Hat einer ne idee was der da macht?




​


----------



## Punisher (13 Sep. 2011)

super


----------



## Miraculix (13 Sep. 2011)

…der Kerl heißt Meier und hat just in dem Moment, als er gerade von einer Schnapsbrennereibesichtigung kommt,***
und eigentlich noch den Drive-In eines namhaften Wopperherstellers heimsuchen will,
ein überraschendes, unvergessliches Rendezvous mit seinem wenige Stunden zuvor inhalierten Kartoffelsalat… 

***(sein Bike hat er natürlich in Anbetracht der ganz besonderen Umstände vor der Destillerie stehen lassen...)
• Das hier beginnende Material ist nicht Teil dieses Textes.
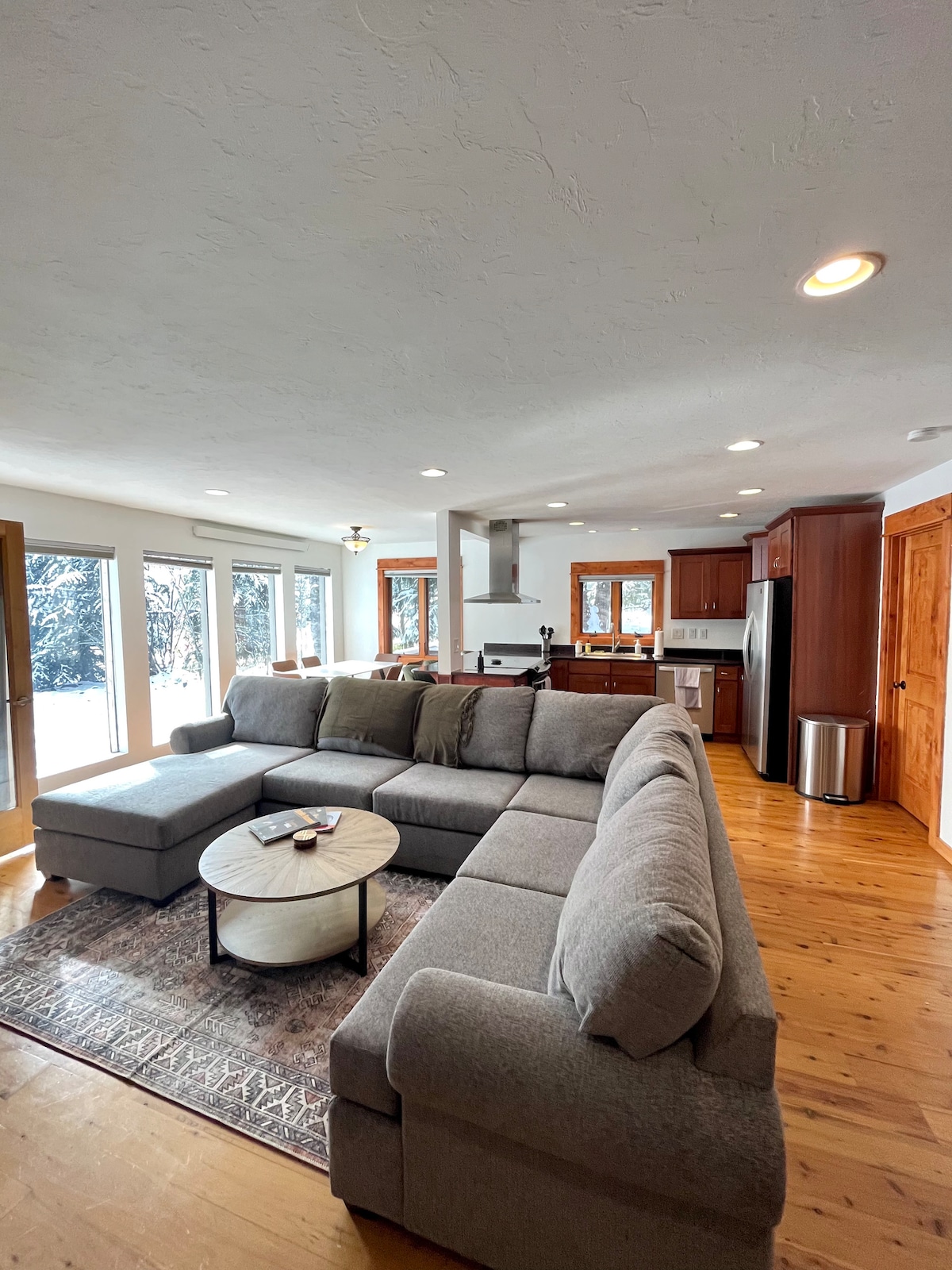 A contemporary mountain home located in Big Sky, a few minutes walk from Town Center: Well stocked with kitchen essentials for all your cooking needs. Within walking distance of many local activities - hiking, biking, yoga, restaurants, grocery stores, summer farmers’ market, cinema, golf course, shuttle bus to Big Sky Resort, winter hockey rink, summer ‘Music In The Mountains’ and the famous PBR (Pro Bull Riders Rodeo). During ski season, it is a 10 minute drive to Big Sky resort.
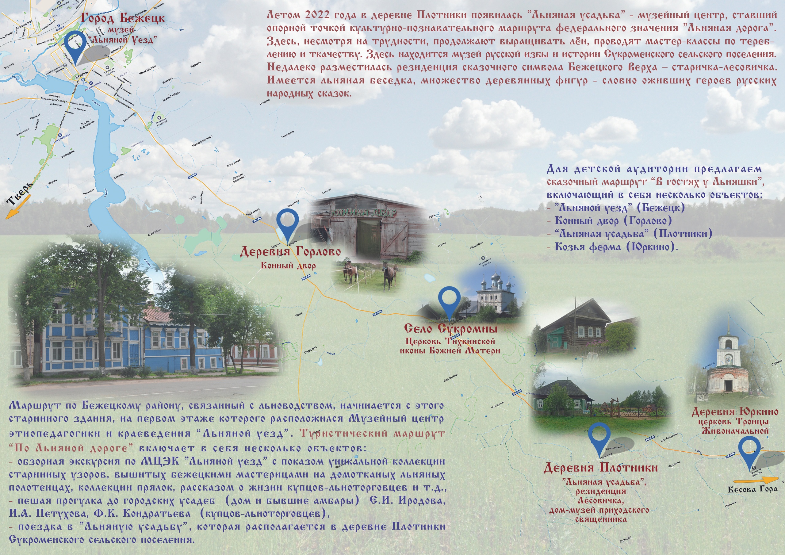 Возможна организация православных маршрутов: церковь Тихвинской иконы Божьей Матери (Сукромны), Музей приходского священника (Плотники), церковь Троицы Живоначальной (Юркино), храм Благовещения (Белое село).
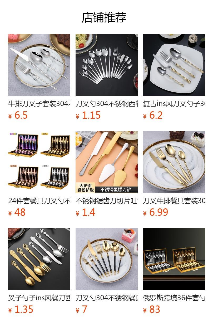 Fork, spoon, round spoon, steak knife, dessert spoon, three-tooth dessert fork
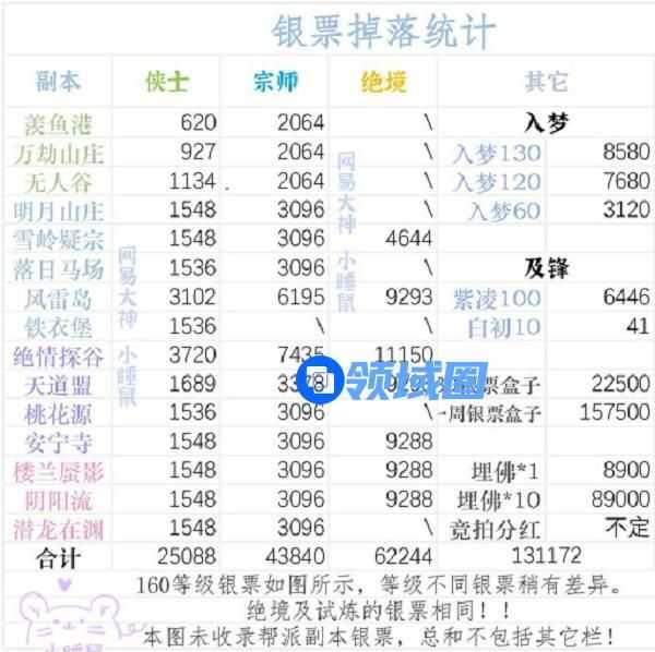 2.玩家们可以按照上图中的银票产出结合自己的实际情况选择最适合自己的银票副本。

*Was bis dahin geschah:* rofl3

Im Magen liegt ganz still und stumm
ein Kartoffelsalat herum
Da kommt ein kleiner Korn hinzu,
fragt der Salat: "Wer bist denn Du?"

"Ich bin ein Korn und komm von oben!
Man hat mich grade rein geschoben.
Der Meier hat, hoch soll er leben,
mich quasi grade ausgegeben!"

Der Salat, der aus Kartoffeln
zieht wieder an, seine Pantoffeln
Just im Moment - ist einerlei
kommt ein Wodka-Kirsch vorbei

fragt der Salat: "Wo kommst du her?
trau dich ruhig und sag es mir!"
"Der Meier hat, hoch soll er leben,
mich quasi grade ausgegeben!"

Als dieser grade ausgesprochen
kommt ein Obstler angekrochen:
"Der Meier hat, hoch soll er leben,
mich quasi grade ausgegeben!"

Als ein rechter Leberkleister,
antwortet ihm ein Jägermeister:
"Der Meier hat, hoch soll er leben,
mich quasi grade ausgegeben"

Seit Stunden geht die Rennerei
durchs Repertoire der Brennerei
und immer wieder, wen´s nicht stört
der Salat als Antwort hört:

"Der Meier hat, hoch soll er leben,
mich quasi grade ausgegeben!"

Es reizen ihn die kleinen Schlückchen;
"Lasst mich mal durch, in kleinen Stückchen,
Lasst mich mal kurz nach oben gehn.
DEN "Meier" muss ich von NAH mal sehn...!" mahlzeit47

btw. ob mit oder ohne Helm, dürfte dem Kartoffelsalat relativ egal sein... :crazy:


----------



## Soloro (13 Sep. 2011)

Sieht nach Restauranttester inkognito aus.Der testete gerade bei Mc.Blöd!


----------



## BlueLynne (14 Sep. 2011)

machmal geht es schneller als man denkt


----------



## Tokko (14 Sep. 2011)

Der soll das Visier runterklappen und weitertrinken.


----------